Symbol Analysis
"Power" is about the decay, and eventual death, of Marie Curie's body. But Rich also describes the earth in bodily imagery and draws a connection between the Curie's body and the earth itself. In this way, Rich connects up different branches of science (much as Curie herself did) and asks us to make connections between the human and the earth.
- Line 2: The speaker personifies the earth, and describes its "flank," as if it had flesh.
- Lines 3-4: The amber bottle is filled with liquid that will supposedly cure all kinds of bodily ailments, from fever to melancholy. Yeah right, liquid. We don't believe in magic (and you can bet Curie didn't believe in it either).

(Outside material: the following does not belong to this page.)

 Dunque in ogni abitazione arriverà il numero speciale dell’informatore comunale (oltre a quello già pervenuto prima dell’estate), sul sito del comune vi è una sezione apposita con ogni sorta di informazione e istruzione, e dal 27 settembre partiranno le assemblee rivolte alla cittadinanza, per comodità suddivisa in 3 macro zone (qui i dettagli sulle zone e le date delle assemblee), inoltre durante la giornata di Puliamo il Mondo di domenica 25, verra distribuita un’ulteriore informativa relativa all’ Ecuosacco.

- Lines 7-9: Here we find out that Curie was "bombarded" (a pretty intense and violent word) by radiation. The speaker thinks that Curie must have understood what was happening to her body, even as she denied it. Could Marie really be that blind to what was going on?

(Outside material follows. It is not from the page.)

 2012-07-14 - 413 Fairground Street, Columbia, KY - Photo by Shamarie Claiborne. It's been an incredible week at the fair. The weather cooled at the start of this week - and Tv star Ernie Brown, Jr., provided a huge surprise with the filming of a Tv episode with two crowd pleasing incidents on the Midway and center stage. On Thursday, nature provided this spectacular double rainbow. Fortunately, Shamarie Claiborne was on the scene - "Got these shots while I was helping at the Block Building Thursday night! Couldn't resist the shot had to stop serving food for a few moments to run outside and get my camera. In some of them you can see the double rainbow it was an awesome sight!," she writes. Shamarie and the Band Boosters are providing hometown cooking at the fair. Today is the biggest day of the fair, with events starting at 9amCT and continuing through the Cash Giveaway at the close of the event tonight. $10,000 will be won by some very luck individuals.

- Lines 10-13: Now we get the deets on the radiation poisoning, and it ain't pretty. Curie's fingertips are filled with pus, her skin is cracking, her eyes have developed cataracts. Her work has taken a palpable toll on her body.
- Lines 14-17: Ah, the irony: Curie's scientific life work, which gave her power, ultimately destroyed her body and left her dead. She denied that her "wounds came from the same source as her power" until the very end—perhaps refusing to see, or at least to admit, the toll that some work takes on the human body.